DATA SECTION »
######
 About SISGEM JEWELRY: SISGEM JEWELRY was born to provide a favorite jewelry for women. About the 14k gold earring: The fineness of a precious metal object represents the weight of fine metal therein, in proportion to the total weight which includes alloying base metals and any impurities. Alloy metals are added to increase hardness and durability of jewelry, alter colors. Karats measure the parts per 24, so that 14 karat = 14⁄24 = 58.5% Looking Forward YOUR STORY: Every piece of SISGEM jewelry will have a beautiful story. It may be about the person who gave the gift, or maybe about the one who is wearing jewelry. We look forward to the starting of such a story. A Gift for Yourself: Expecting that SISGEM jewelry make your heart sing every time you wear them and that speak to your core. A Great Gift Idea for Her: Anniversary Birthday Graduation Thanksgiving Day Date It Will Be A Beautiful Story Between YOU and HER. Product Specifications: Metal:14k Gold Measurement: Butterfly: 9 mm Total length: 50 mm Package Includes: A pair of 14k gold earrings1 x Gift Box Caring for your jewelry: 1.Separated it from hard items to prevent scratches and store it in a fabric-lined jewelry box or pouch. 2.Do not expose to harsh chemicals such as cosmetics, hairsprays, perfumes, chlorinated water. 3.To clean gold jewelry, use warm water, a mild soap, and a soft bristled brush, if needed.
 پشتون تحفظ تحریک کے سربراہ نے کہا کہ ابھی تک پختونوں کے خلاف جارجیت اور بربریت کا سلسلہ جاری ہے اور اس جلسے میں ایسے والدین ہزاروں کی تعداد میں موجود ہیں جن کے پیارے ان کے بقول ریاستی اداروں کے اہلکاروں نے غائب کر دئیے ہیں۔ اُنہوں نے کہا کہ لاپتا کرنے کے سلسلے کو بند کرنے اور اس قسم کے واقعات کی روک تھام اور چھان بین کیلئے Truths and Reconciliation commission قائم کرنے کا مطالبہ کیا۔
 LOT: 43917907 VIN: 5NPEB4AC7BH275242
######
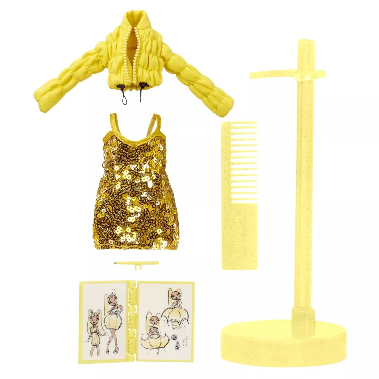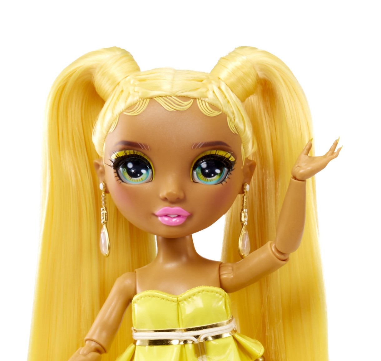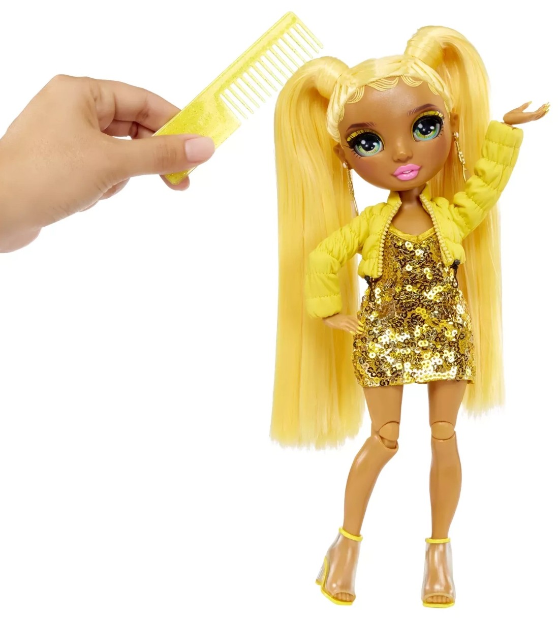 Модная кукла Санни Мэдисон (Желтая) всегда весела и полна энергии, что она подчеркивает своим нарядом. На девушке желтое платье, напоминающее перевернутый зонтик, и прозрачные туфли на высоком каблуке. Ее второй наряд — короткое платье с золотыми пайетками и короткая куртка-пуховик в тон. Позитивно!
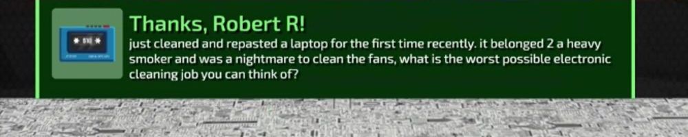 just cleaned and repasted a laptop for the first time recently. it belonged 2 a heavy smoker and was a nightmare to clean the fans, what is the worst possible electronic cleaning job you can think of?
######
EXERCISE PROMPT » From the data above, return every line from the line that has "پشتون تحفظ تحریک" up to and including the line that has "LOT: 43917907 VIN: 5NPEB4AC7BH275242", exactly.

REPLY »
 پشتون تحفظ تحریک کے سربراہ نے کہا کہ ابھی تک پختونوں کے خلاف جارجیت اور بربریت کا سلسلہ جاری ہے اور اس جلسے میں ایسے والدین ہزاروں کی تعداد میں موجود ہیں جن کے پیارے ان کے بقول ریاستی اداروں کے اہلکاروں نے غائب کر دئیے ہیں۔ اُنہوں نے کہا کہ لاپتا کرنے کے سلسلے کو بند کرنے اور اس قسم کے واقعات کی روک تھام اور چھان بین کیلئے Truths and Reconciliation commission قائم کرنے کا مطالبہ کیا۔
 LOT: 43917907 VIN: 5NPEB4AC7BH275242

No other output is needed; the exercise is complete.